Поглощение кислорода двойной системой (ДС) эпоксид стирола (ЭС) – п-толуолсульфокислота (ТСК) впервые обнаружено в растворе изопропилового спирта (ИПС) [1], легко окисляющегося по радикально-цепному механизму. Позже установлено, что эта система гораздо медленнее, но поглощает кислород в инертном к окислению растворителе БУХ (90 об.% трет-бутанола, 10 об.% хлорбензола) [2]. С увеличением [ИПС] в смеси ИПС с БУХ от нуля до 10 моль/л поглощение кислорода возрастает на порядок [3]. В предположении, что возрастание это обусловлено исключительно радикально-цепным окислением (РЦО) ИПС при инициировании цепей двойной системой ЭС–ТСК, а окисление самой ДС в растворе ИПС пренебрежимо мало и по скорости близко к окислению в растворе БУХ, была изучена кинетика поглощения кислорода смесями ИПС с БУХ в присутствии ДСЭС–ТСК и рассчитаны скорости инициирования. Однако недавно получены данные, указывающие на сильную зависимость реакционноспособности ДСЭС–ТСК от природы спиртового растворителя. Поэтому целью этой работы было получение количественной характеристики окисляемости собственно системы ЭС–ТСК в среде ИПС. Задача эта непростая: из количественной характеристики брутто-окисления ДСЭС–ТСК в ИПС требовалось каким-то способом извлечь оценку вклада в брутто-окисление поглощения кислорода системой ЭС–ТСК, т.е. возникла необходимость полного подавления составляющей РЦО. Перспективным путем решения представлялось подавление радикально-цепного окисления ИПС посредством введения соответствующего ингибитора. Однако традиционные ингибиторы окисления – ароматические фенолы и амины в данном случае непригодны, так как малоэффективны в спиртовых средах [46]. Кроме того, в спиртовых растворах систем эпоксид – (ТСК или Cu2+) в присутствии ароматических фенолов или аминов поглощение кислорода заметно ускоряется [712]. Задача решена с применением растворимого медного катализатора обрыва цепей окисления вторичных спиртов [13]. Выбранный для работы катализатор – ацетат двухвалентной меди Cu(CH3COO)2∙H2O (Cu(Ac)2) обладал необходимой высокой активностью обрыва цепей окисления ИПС и сохранял ее в присутствии кислоты.

ЭКСПЕРИМЕНТАЛЬНАЯ ЧАСТЬ

Скорости поглощения кислорода измеряли по стандартной методике на манометрической установке при постоянном давлении. Независимость скорости от режима перемешивания (от частоты встряхивания кварцевого реактора) проверяли на опыте. Кривые поглощения кислорода (фактически прямые на рис. 1) идут не из начала координат, так как отсчет времени опыта вели с момента погружения реактора в термостатирующую жидкость. Изопропанол марки “Ч” ректифицировали для очистки; катализатор обрыва цепи окисления, соль Cu(CH3COO)2∙H2O, реактив марки “ХЧ” использовали без предварительной обработки. Эпоксид стирола очищали двукратной вакуумной ректификацией.

Рис. 1.

Примеры кинетических кривых поглощения кислорода при 343 K: изопропанолом в присутствии 0.03 моль/л азобисизобутиронитрила при [Cu(Ac)2] = 0.0 (1), 1.0 ∙ 10–6 (2), 2.7 ∙ 10–6 моль/л (3); раствором двойной системы ЭС–ТСК в изопропаноле при [ЭС] = 0.35 моль/л и [ТСК] = 3.8 ∙ 10–3 (4), 2.4 ∙ 10–3 (5) и 1.3 ∙ 10–3 моль/л (6).

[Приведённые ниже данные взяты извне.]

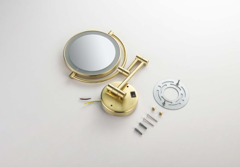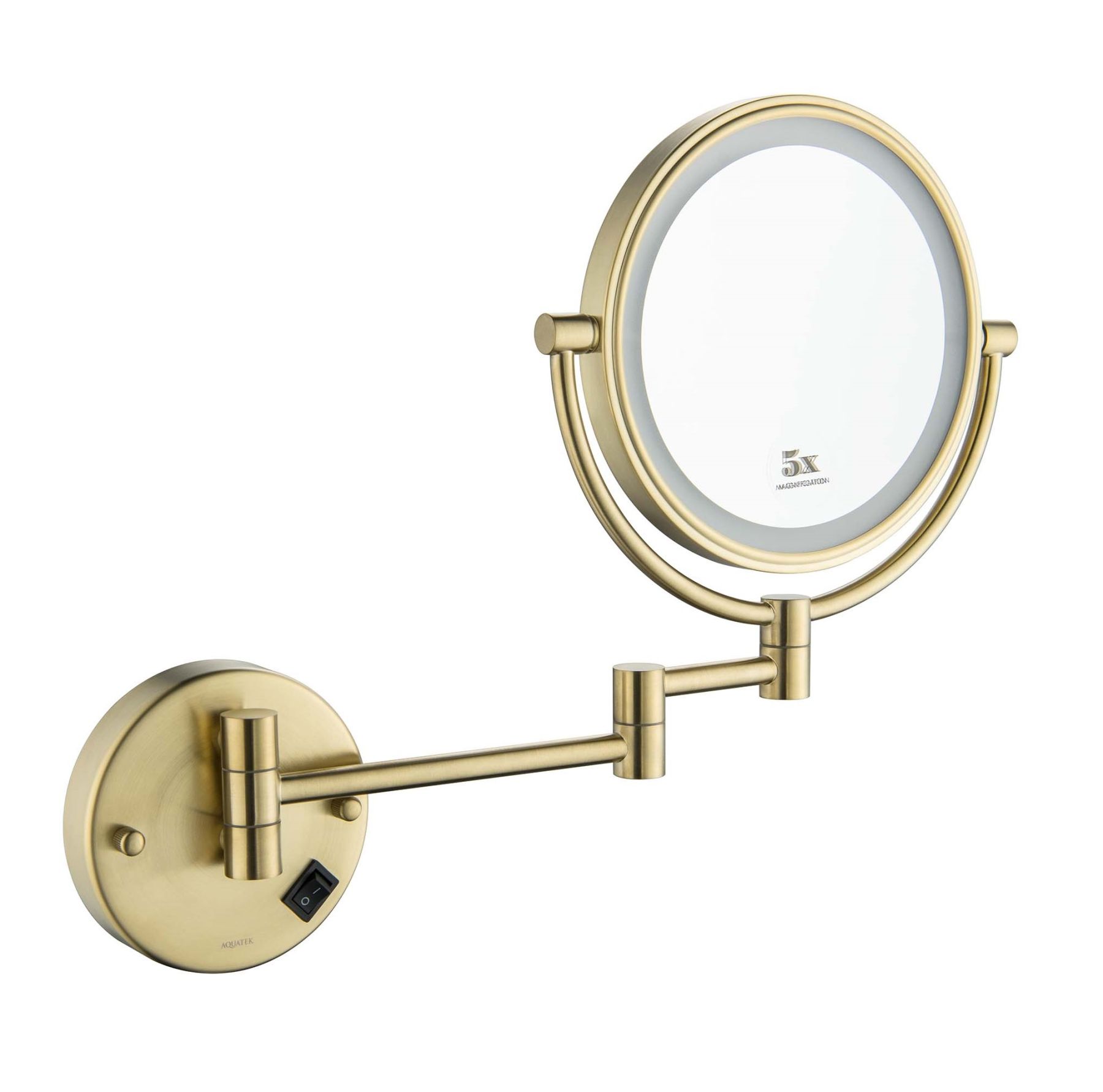Зеркало косметическое настенное Aquatek AQ4912BG с подсветкой 5х шлифованное золото

РЕЗУЛЬТАТЫ И ИХ ОБСУЖДЕНИЕ

На рис. 1 представлены примеры кинетических кривых поглощения кислорода при инициированном радикально-цепном окислении ИПС (кривые 1–3) и при окислении двойной системы ЭС–ТСК (4–6) в растворе ИПС. На рис. 2 представлена зависимость скорости инициированного азобисизобутиронитрилом (АИБН) окисления ИПС от концентрации вводимого катализатора обрыва цепей Cu(Ac)2. Ингибирование окисления ацетатом меди весьма эффективно: при введении 8 ∙ 10–6 моль/л Cu(Ac)2 скорость инициированного окисления падает в ~20 раз. Именно высокая эффективность медной соли в подавлении радикально-цепной реакции окисления вторичного спирта обусловила выбор применения Cu(Ac)2 в качестве инструмента для определения величины вклада нерадикальной составляющей в брутто-скорости поглощения кислорода, т.е. вклада собственно окисления ДСЭС–ТСК.

Рис. 2.

Зависимость скорости окисления изопропанола, инициированного азобисизобутиронитрилом, от [Cu(Ac)2] при [АИБН] = 0.03 моль/л и 343 K.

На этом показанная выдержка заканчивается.